By the time the local planning inspector reported on the local plan, circular 1/2006 had replaced circular 1/94. It set out a new planning process for gypsy sites, which required local planning authorities to allocate specific areas as gypsy sites. The inspector’s report noted that circular 01/2006 required the identification of specific gypsy sites and it was clear that he was aware of the shortcomings of policy H12. However, he did not recommend that the policy should be modified but instead suggested that the defendants should carry out, as soon as possible, an assessment of demand and produce a development plan document (DPD) allocating sites in accordance with need.
The defendants modified the local plan to refer to circular 01/2006 and carried out an assessment of need that led to the formulation of a draft regional special strategy. However, the claimant applied for an order quashing the local plan or policy H12 in any event, pursuant to section 287 of the 1990 Act.
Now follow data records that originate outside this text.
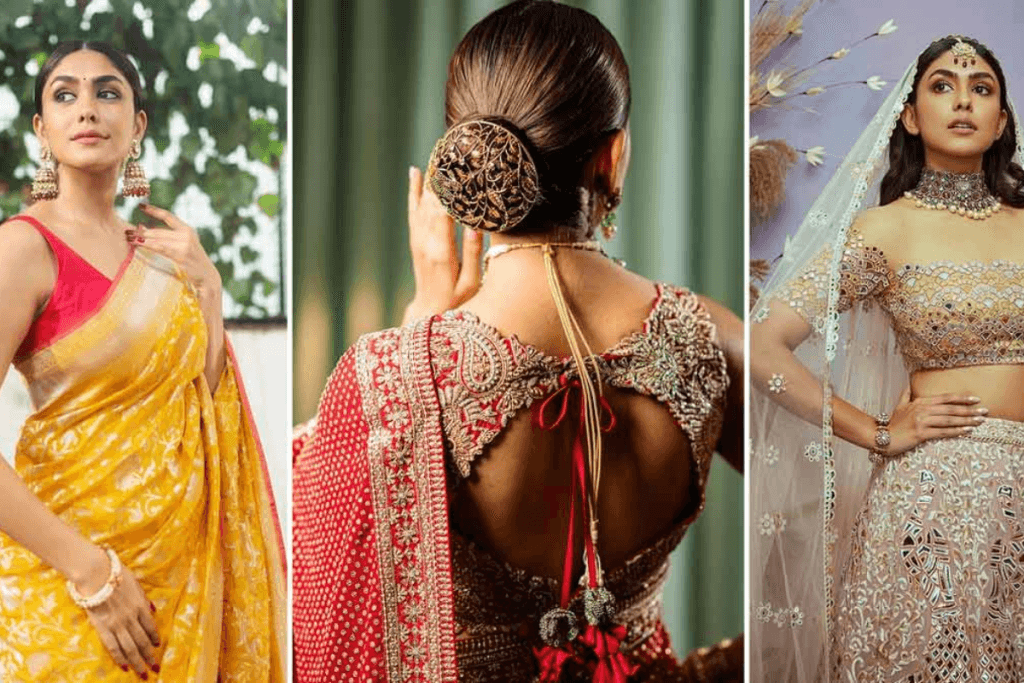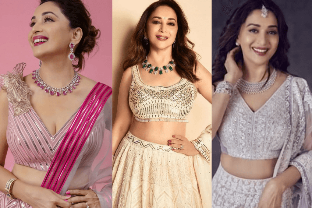 धक-धक गर्ल माधुरी दीक्षित का राउंड नेक ब्लाउज डिज़ाइन इस बार गरबा नाइट में भीड़ में आपको अलग बनाएगा. बहुत कम लड़कियां इस तरह के ब्लाउज पहनती हैं, इसलिए यह आपको एक खास लुक देगा. इस तरह का ब्लाउज किसी भी लहंगे के साथ जंचेगा, और आपको एक खूबसूरत और क्लासिक लुक प्रदान करेगा.
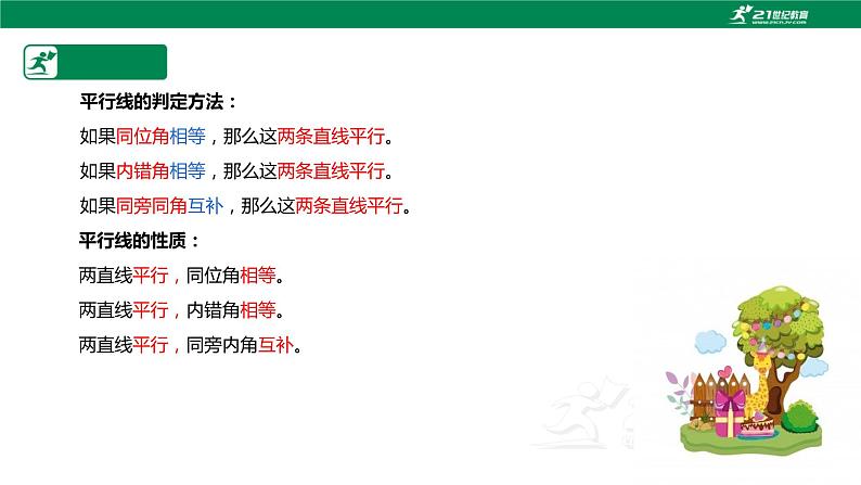 学习目标1)熟练应用平行线的性质与判定条件解决问题。2)通过证明过程,初步理解简单的几何推理。重点熟练应用平行线的性质与判定条件解决问题。难点通过证明过程,初步理解简单的几何推理。
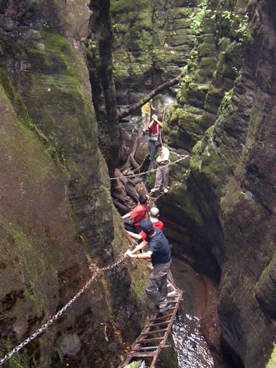 坐龍峽圖片 坐龍峽風(fēng)景區(qū)位于古丈縣河西鎮(zhèn),與“芙蓉鎮(zhèn)”--王村一水之隔。經(jīng)由300萬年大自然的風(fēng)吹、水蝕而成,一直隱逸于湘西茫茫十萬群山之中。它長約3500米,最大高差達(dá)300余米;寬處不足丈余,窄處僅容一人通過;谷內(nèi)絕壁縱疊,溪瀑橫懸,崖樹斜逸,異草遍坡。
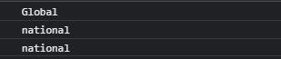 보시는 바와 같이 'national'이라는 값으로 값이 변경되어 출력된 것을 확인할 수 있습니다. 이를 통해 알 수 있는 부분은 global scope로 선언된 변수의 값은 블록 내부에서 변경하더라도 블록 외부에도 영향을 미치는 것을 알 수 있습니다.
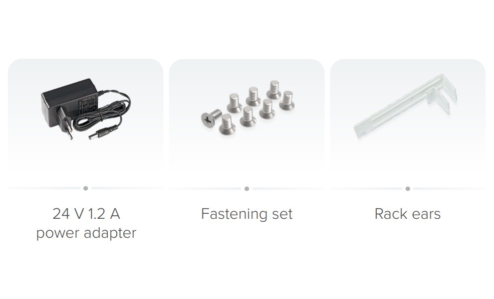 napájecí PoE-in vstup (802.3af/at). Součástí switche je

Held: The application was dismissed.
The power of the court to quash a plan under section 287 was a blunt instrument and it was incumbent on claimants to consider the practical implications of obtaining relief. Even if in the instant case there was any force in the claimant’s arguments, as a matter of discretion the court would not grant the relief sought because of the adverse consequences to the gypsy community in general of the policy vacuum that would result if either the local plan or policy H12 were quashed.
There was no basis for quashing the local plan or policy H12. The inspector’s call for a DPD was a sensible solution to the problem arising out of the defendants’ delay in assessing the need for gypsy sites in the area: Butler v Bath and North East Somerset District Council [2003] EWCA Civ 1614, [2004] JPL 941 considered.
Timothy Jones (instructed by the Community Law Partnership, of Birmingham) appeared for the claimant; David Fletcher (instructed by the legal department of North Somerset District Council) appeared for the defendants.